What is required:
Which lines run from the line with "ガーデンベンチ 屋外 ガーデンチェア" through the line with "a classic bias" in the entries below? Print them exactly, both ends included, and nothing more.

Provided data:
* * * * * * *

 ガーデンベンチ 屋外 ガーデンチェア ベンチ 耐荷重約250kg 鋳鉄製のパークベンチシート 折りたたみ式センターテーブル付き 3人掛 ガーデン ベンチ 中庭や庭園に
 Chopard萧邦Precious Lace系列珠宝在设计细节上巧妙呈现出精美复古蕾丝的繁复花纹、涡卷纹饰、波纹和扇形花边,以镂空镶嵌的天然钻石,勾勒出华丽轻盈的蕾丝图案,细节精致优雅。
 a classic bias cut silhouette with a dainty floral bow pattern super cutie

* * * * * * *

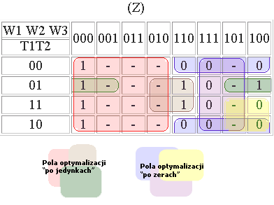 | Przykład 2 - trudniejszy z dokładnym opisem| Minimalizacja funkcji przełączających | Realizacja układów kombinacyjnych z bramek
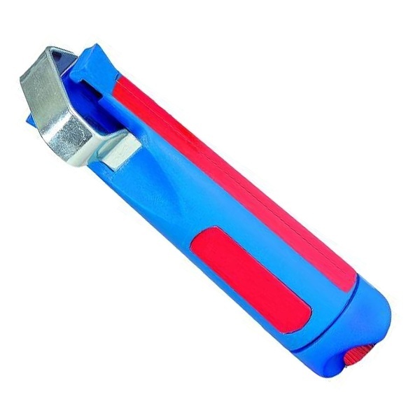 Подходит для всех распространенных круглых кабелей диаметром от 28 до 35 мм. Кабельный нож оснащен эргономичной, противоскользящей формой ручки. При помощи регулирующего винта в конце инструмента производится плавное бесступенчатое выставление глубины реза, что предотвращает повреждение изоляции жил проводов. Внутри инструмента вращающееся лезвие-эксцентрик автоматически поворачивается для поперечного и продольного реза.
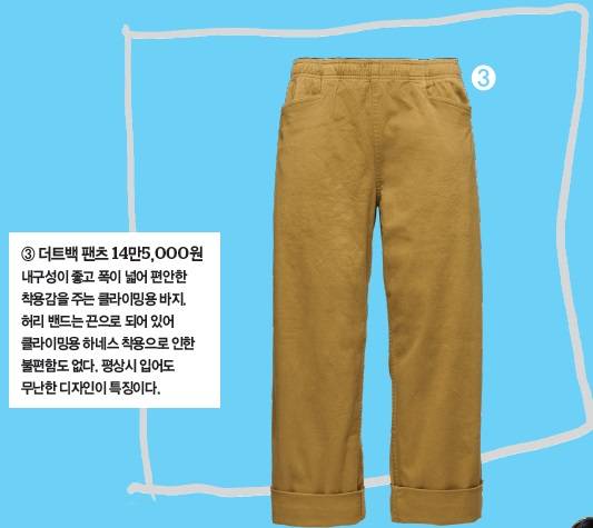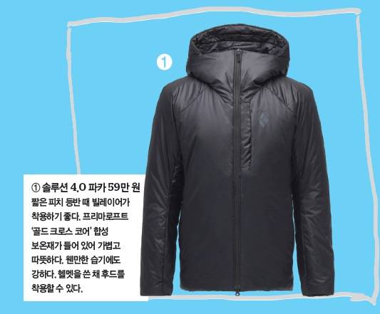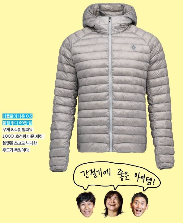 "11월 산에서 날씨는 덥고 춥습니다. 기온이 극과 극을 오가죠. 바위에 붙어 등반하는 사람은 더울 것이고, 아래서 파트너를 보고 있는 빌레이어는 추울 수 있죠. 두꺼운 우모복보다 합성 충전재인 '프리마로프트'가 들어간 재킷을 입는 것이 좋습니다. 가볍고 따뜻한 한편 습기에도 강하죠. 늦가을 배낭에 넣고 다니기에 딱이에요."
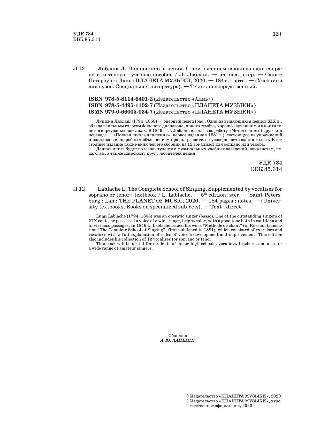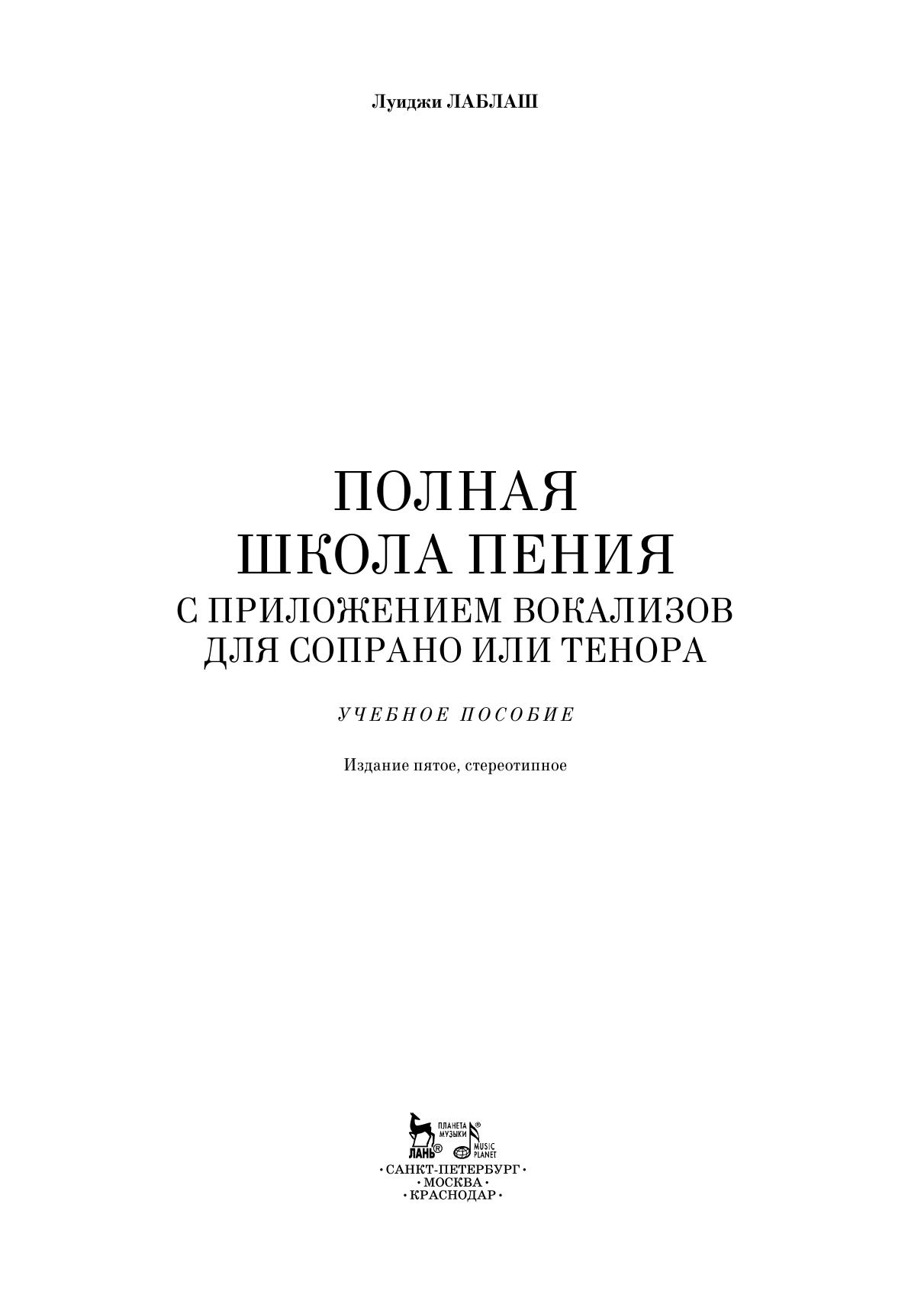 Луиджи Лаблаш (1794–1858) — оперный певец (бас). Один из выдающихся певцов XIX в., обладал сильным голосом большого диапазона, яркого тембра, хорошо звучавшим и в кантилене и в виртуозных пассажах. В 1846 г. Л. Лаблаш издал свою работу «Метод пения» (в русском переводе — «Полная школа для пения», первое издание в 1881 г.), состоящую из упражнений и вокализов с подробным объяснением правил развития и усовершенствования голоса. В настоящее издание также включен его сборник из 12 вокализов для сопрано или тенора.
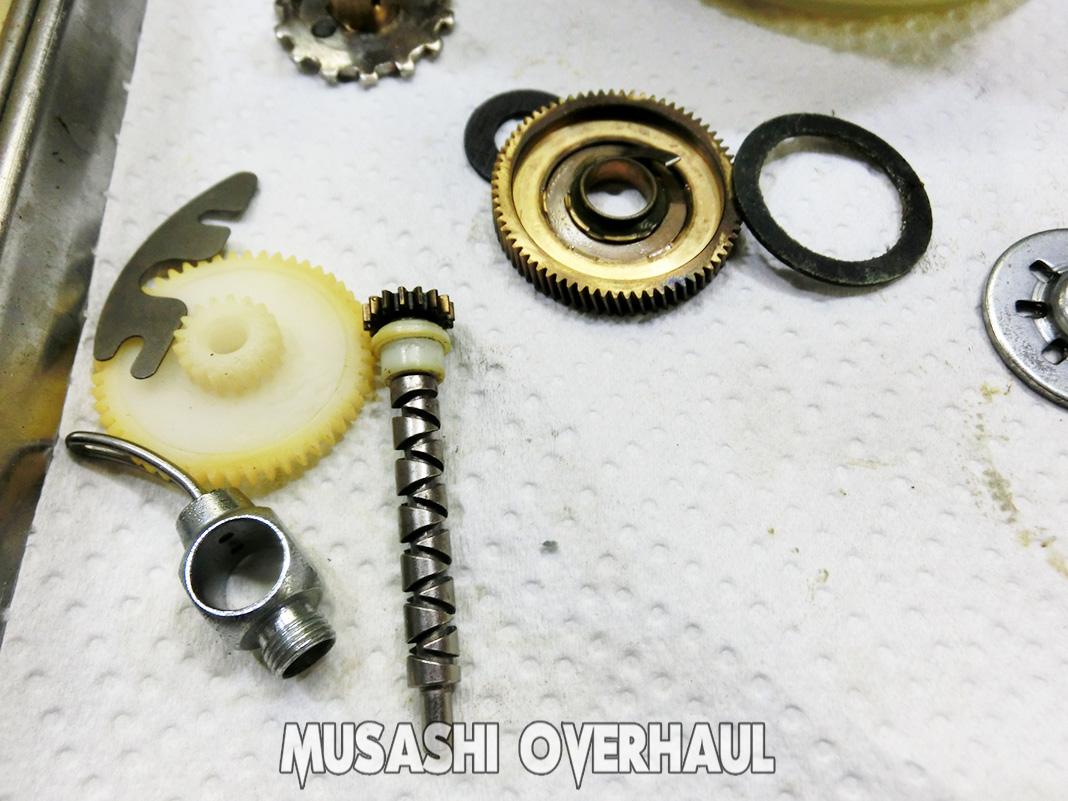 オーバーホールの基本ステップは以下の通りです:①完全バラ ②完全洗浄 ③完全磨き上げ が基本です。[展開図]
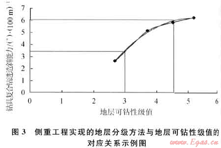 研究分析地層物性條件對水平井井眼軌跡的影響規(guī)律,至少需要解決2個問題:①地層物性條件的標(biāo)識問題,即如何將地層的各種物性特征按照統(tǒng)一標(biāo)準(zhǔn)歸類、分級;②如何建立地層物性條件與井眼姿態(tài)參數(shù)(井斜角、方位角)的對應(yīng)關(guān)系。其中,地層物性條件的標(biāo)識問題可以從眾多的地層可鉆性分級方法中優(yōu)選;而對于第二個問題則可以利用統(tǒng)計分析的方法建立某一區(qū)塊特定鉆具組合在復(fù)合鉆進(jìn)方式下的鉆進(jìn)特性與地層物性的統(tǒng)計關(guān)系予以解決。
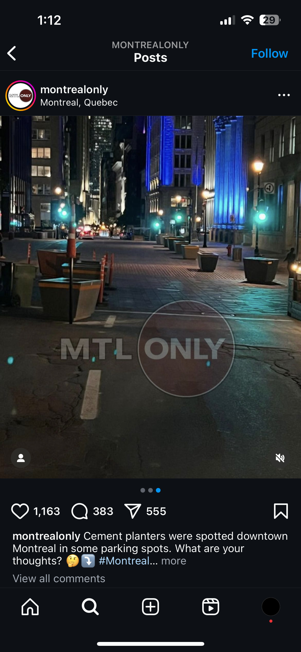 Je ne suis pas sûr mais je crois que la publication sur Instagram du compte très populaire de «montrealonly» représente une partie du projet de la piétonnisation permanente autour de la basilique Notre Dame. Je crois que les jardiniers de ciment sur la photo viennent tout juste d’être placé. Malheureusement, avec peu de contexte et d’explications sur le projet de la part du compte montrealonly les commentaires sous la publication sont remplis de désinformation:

* * * * * * *

Your solution:
 ガーデンベンチ 屋外 ガーデンチェア ベンチ 耐荷重約250kg 鋳鉄製のパークベンチシート 折りたたみ式センターテーブル付き 3人掛 ガーデン ベンチ 中庭や庭園に
 Chopard萧邦Precious Lace系列珠宝在设计细节上巧妙呈现出精美复古蕾丝的繁复花纹、涡卷纹饰、波纹和扇形花边,以镂空镶嵌的天然钻石,勾勒出华丽轻盈的蕾丝图案,细节精致优雅。
 a classic bias cut silhouette with a dainty floral bow pattern super cutie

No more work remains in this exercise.